Green the Bailout. The rejection of the Washington/Wall Street rescue is really the clarion call from regular Americans for investment in people and jobs and a new way of life and commerce. We assert those goals are served by aggressively pursuing the pollution-free, clean energy market principles of this century. The best plan out there to do just that is our own The New Apollo Program. Read it. Pass it on. 

– Keith Schneider

Details of House-Approved Energy Bill

September 19th, 2008

When she joined us at the Apollo Alliance reception in Denver last month, House Speaker Nancy Pelosi spoke at some length on her determination to pass what she called a “comprehensive energy proposal” in September that accomplished several objectives. Pelosi (see pix above with Apollo Chairman Phil Angelides, Representative Ed Markey (l. rear), and Board Member Leo Gerard) said she would propose new rules that allowed oil companies to drill offshore in more places in the United States. And, she said, Congress would embrace many of the recommendations made in The New Apollo Program to spur development of alternative energy, biofuels, next generation vehicles, public transit, and the millions of jobs such an investment would produce nationwide.

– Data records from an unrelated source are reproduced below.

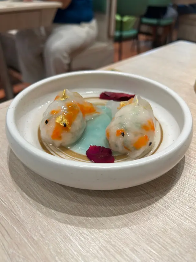 生動可愛🥰好似2條小金魚游來游去! 好特別! 𥚃面有鮮蝦同金筍、味道仲好好味👍🏻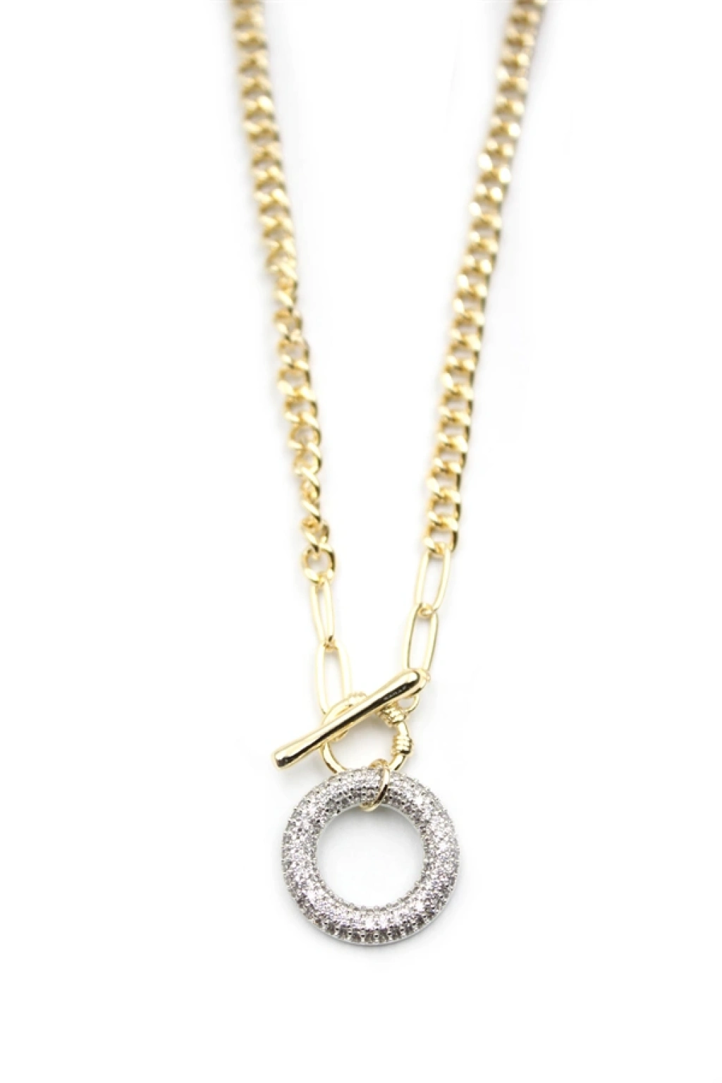 Taşlı Zincir Kolye - Altın
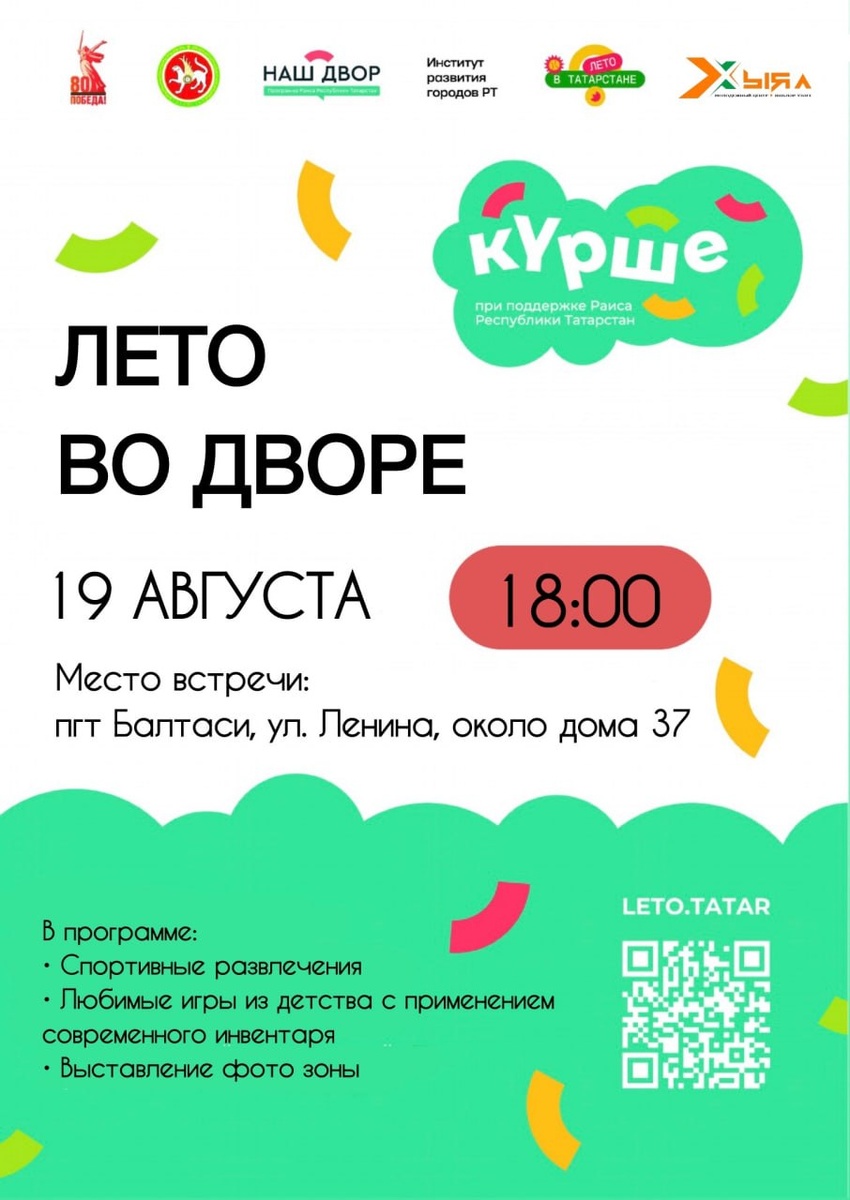 Привет! 👋 Лето подходит к концу, и ты в раздумьях, как провести последние деньки ярко и незабываемо? У нас есть отличное предложение! 😎 Приглашаем тебя на спортивно-развлекательный вечер «Лето во дворе»! ☀️ Когда и где? • 19 августа: пгт Балтаси, ул. Ленина, около дома 37 • 21 августа: пгт Балтаси, ул. Ленина, около дома 133а • 26 августа: пгт Балтаси, ул. Строителей, около дома 5 • 28 августа: пгт Балтаси, Набережная р.Шошма Что тебя ждет? 🤸♂️ Спортивные и развлекательные игры для всех возрастов! 🕹 Возрождение старых добрых дворовых игр с современным инвентарем! 📸 Крутая фотозона, где можно сделать яркие снимки на память! Не упусти возможность весело и активно провести время с друзьями и семьей! 🥳 Приходи, будет жарко! 🔥 #МЦХыял #Балтасинскийрайон #КуршеФест #ЛетоВоДворе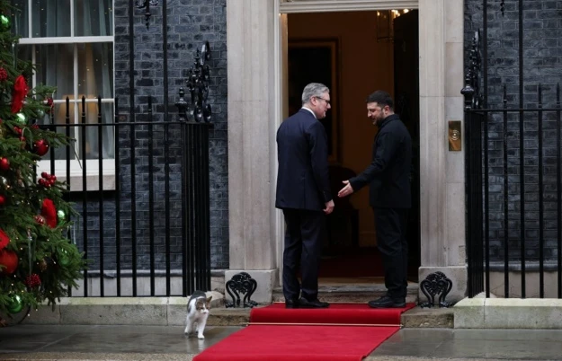 Потім Зеленський помахав рукою коту Ларрі, який сидів біля дверей, а потім разом зі Стармером вони зайшли у резиденцію.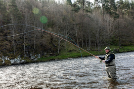 GB. Scotland. Craigellachie. The Macallan whisky distillery. Robert Mitchell. The Macallan Ghillie. Fly fishing in the River Spey. 2016.

Earlier this week, the U.S. House of Representatives, by a vote of 236-189, approved the energy bill that Pelosi outlined in Denver. The compromise legislation proposes to both open up new areas of the country to oil extraction and significantly increase federal support and incentives for renewables, energy efficiency, and other clean energy programs. The bill calls for a national renewable energy portfolio standard of 15 percent by 2020. The Senate has begun work on its own energy initiative.

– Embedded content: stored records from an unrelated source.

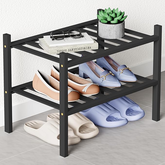 Smiry Bamboo Shoe Rack for Closet, 2 Tier Small Wooden Stackable Shoe Organizer, Free Standing Shoes Storage Shelf for Entryway, Front Door Entrance, Black
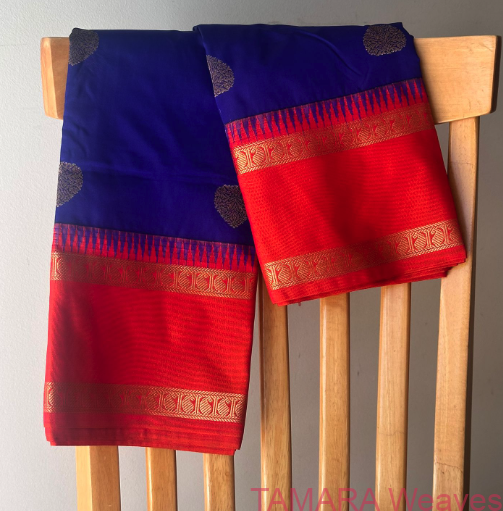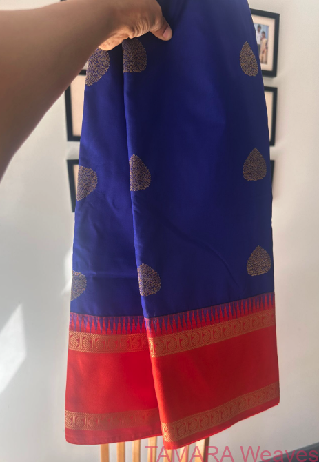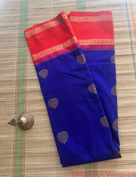 Royal blue and sunset orange, and antique zari saree with woven buttas, temple gap border.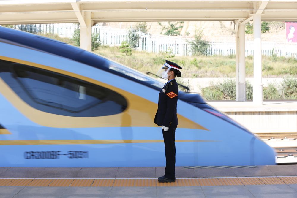 9月10日,宝兰高铁甘肃定西北站的工作人员在站台上送车。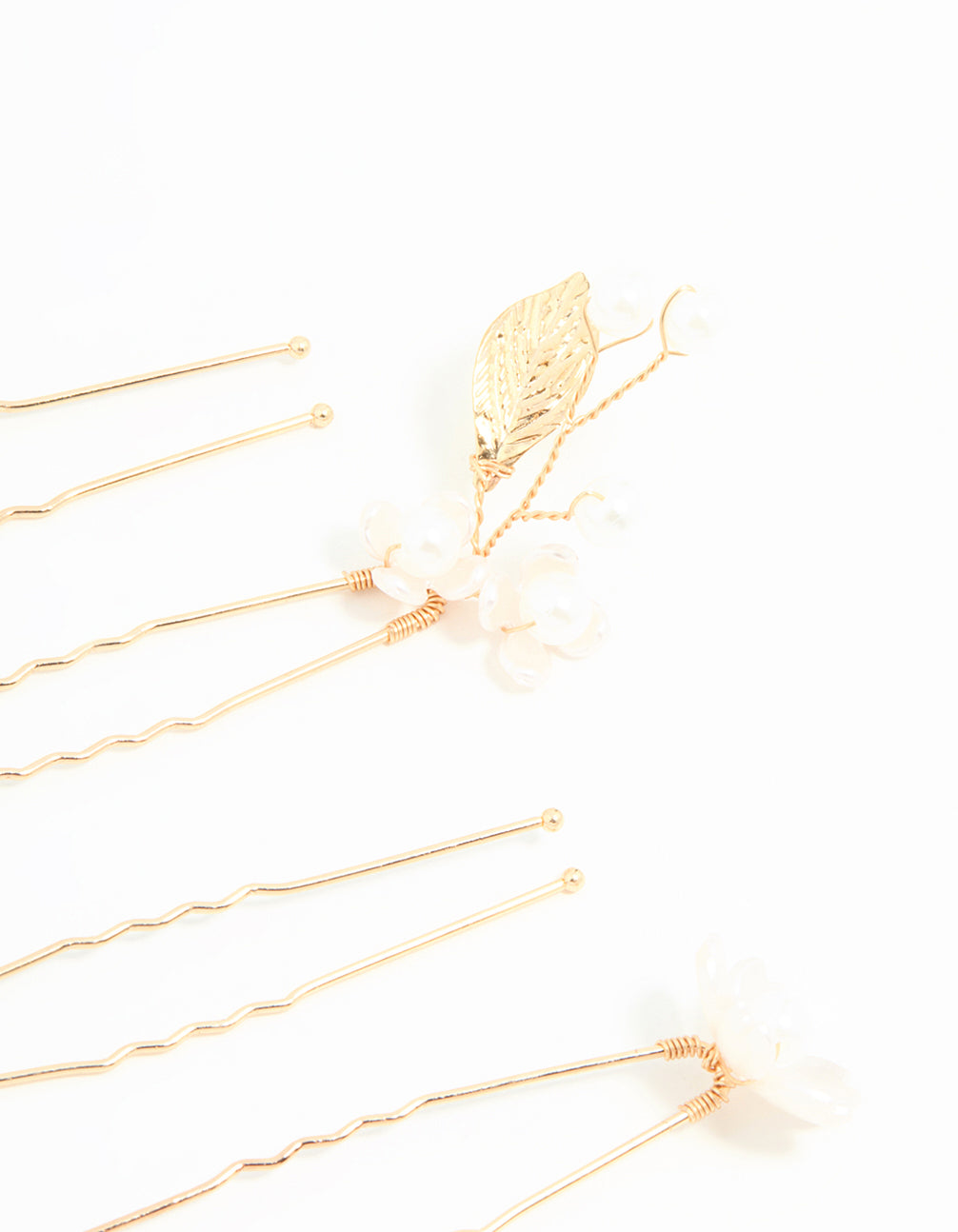 Gold Wire Flower Pearl Hair Pins 5-Pack
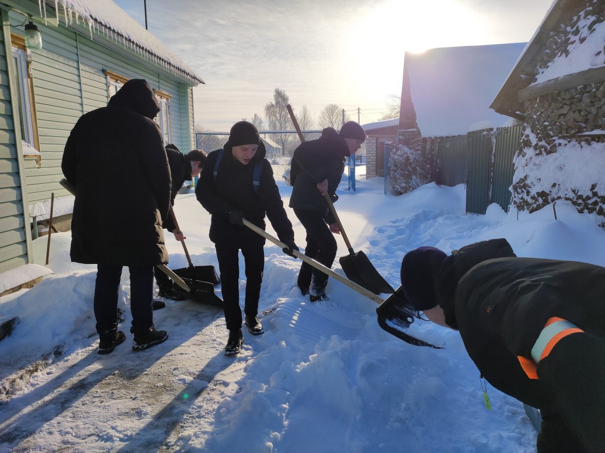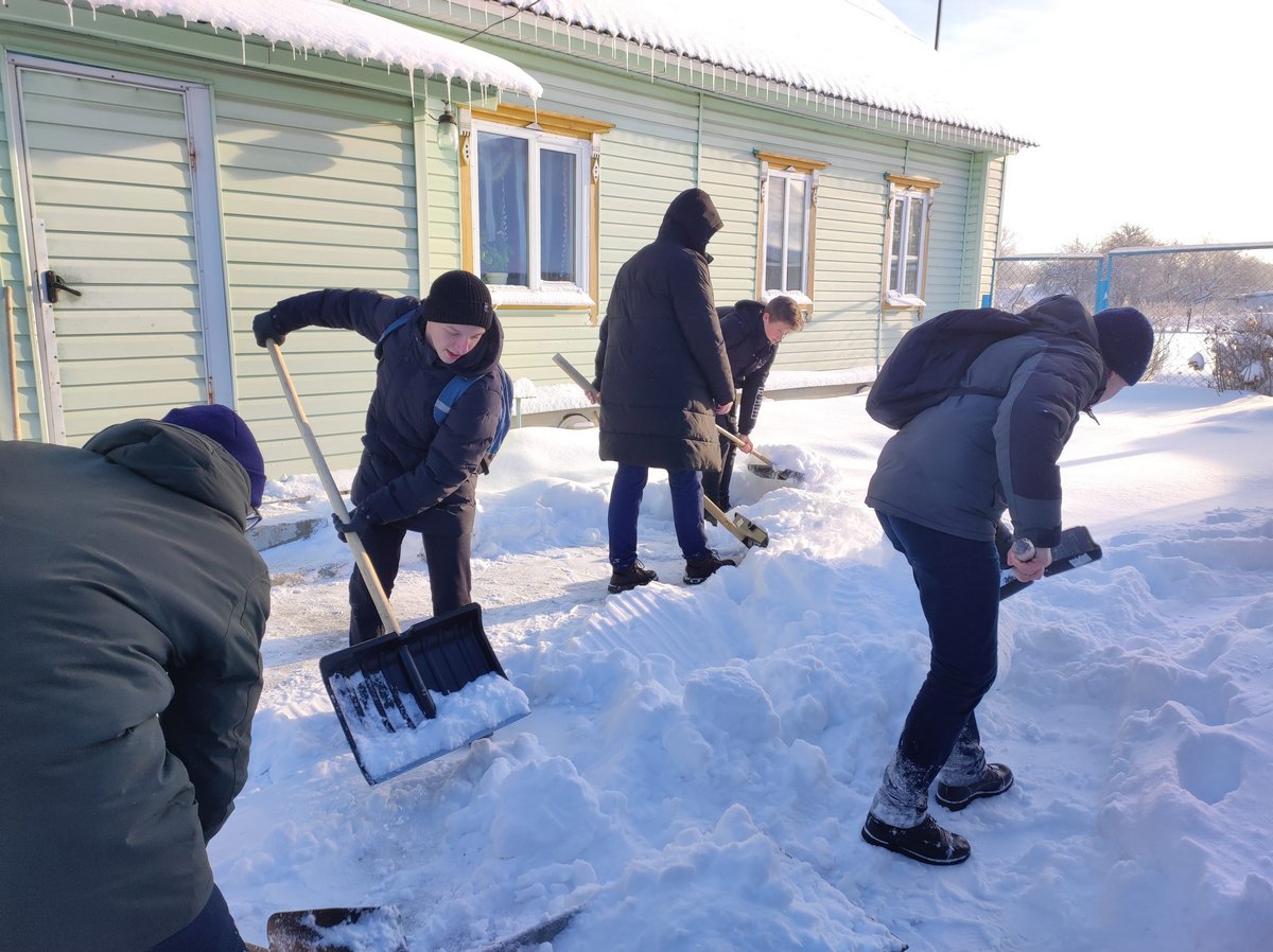 Учащиеся школы района активно вовлечены в волонтерскую деятельность. Это организация всевозможных акций, мероприятий, бесед, флешмобов. Одним из самых важных направлений является помощь пожилым людям. В зимний период наша забота особенно важна, востребована. Вот и сейчас, после снегопадов, наши волонтеры с самого утра вооружены лопатами и спешат на помощь.

Here are the basic details of the House energy package, with a nod to Grist and several more Web sites for laying it out so clearly.

Oil Production

  • Allows oil drilling off the nation’s Atlantic and Pacific coasts if states agree — but only 50 or more miles out. Beyond 100 miles, no state approval would be required. The drilling ban would remain in the eastern Gulf of Mexico.
  • Rolls back $18 billion in oil industry tax breaks and imposes new oil and gas royalties.

Clean Energy Provisions
The proposal calls for the following on renewables, clean energy programs consistent with those advocated in The New Apollo Program:

  • Renewable Energy and Efficiency Tax Incentives. Extends and expands tax incentives for renewable energy, including incentives for plug-in vehicles, and retains and creates hundreds of thousands of American jobs. It expands and extends tax incentives for renewable energy, grass gas and other fuel from America’s heartland, as well as for plug-in hybrid cars, and energy efficient homes, buildings, and appliances. Investments in renewable energy create three to five times as many jobs as investments in fossil-fuel energy.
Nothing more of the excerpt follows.